Proactive maintenance is a strategy for determining the root causes of repeated failures. A root cause failure analysis is the determination of the mechanisms and causes of equipment faults and is a natural part of a proactive maintenance process(EPRI, 2001), wherein the fundamental causes of equipment failures can be identified and failure mechanisms corrected. Proactive maintenance improves overall maintenance outcomes through better design, installation, maintenance procedures, workmanship and scheduling(Pillay and Wang, 2003). This maintenance strategy is a daily process that complements the ongoing maintenance activity and predictive maintenance processes(EPRI, 2001). The techniques used in proactive maintenance to extend machinery life are proper installation and precision rebuilds, failed-part analysis, rebuild verification, age exploration, and recurrence control(Pillay and Wang, 2003).
3 Novel modeling techniques applicable in risk-based maintenance of LNG carrier operationsUses of advanced computational techniques for effective maintenance planning are overcoming the challenges associated with assessing risk in various modern complex LNG carriers. These techniques include GA, ER and fuzzy logic. The successes of the utilization of these methods with respect to LNG carriers have been recorded in various publications(Nwaoha et al., 2011b, Zalewski, 2011; Nwaoha et al., 2013a; Elsayed, 2009, Nwaoha et al. 2013b; Nwaoha, 2014).

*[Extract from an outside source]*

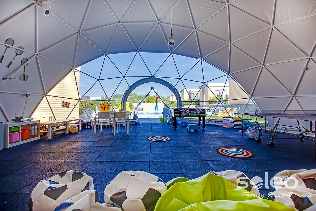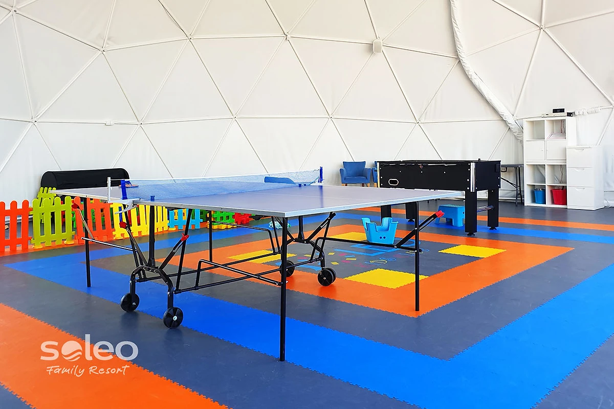 • 3 sale giochi coperte attrezzate con giocattoli attraenti, calcio balilla, tavolo da ping pong, angoli creativi

In risk modeling of LNG carrier maintenance operations, GA is employed to minimize risk by ensuring a genetic diversity exists, thereby increasing the search space to produce the best optimal risk solution. In addition, GA can ensure that the search is probabilistic and not deterministic. Furthermore, the search is conducted in a generated population of points and not at a single point in each iteration, which improves efficiency and accuracy. GA can solve multi-objective problems effectively. However, GA does not always produce a global optimum, especially in situations where the overall solution involves various populations. The fuzzy operations risk modeling approach is employed in LNG carrier maintenance operations, when there is uncertainty due to lack of data and ambiguity. The advantages of fuzzy logic are the ability to model any complex or highly non-linear function to any arbitrary degree of accuracy; its tolerance to vague or imprecise data; its flexibility in dealing with different forms of uncertainty; and that it is easy to understand using “natural” mathematics and rules that can be specified with natural language. The disadvantages of fuzzy logic are that the estimation of the membership function is sometimes very difficult and that the user must be well informed, since there are many ways of interpreting fuzzy rules. The ER approach is adopted in risk modeling of LNG carrier maintenance operations for cases in which there exist an incomplete assessment of uncertainty. The advantage of ER is the use of a belief structure to represent an assessment as a distribution. Secondly, an ER mechanism can be used to combine bottom-to-top level criteria based on their Degree of Beliefs(DoBs). The ER algorithm can address both quantitative and qualitative criteria under uncertainty. The drawback of the ER algorithm is its mathematical complexity.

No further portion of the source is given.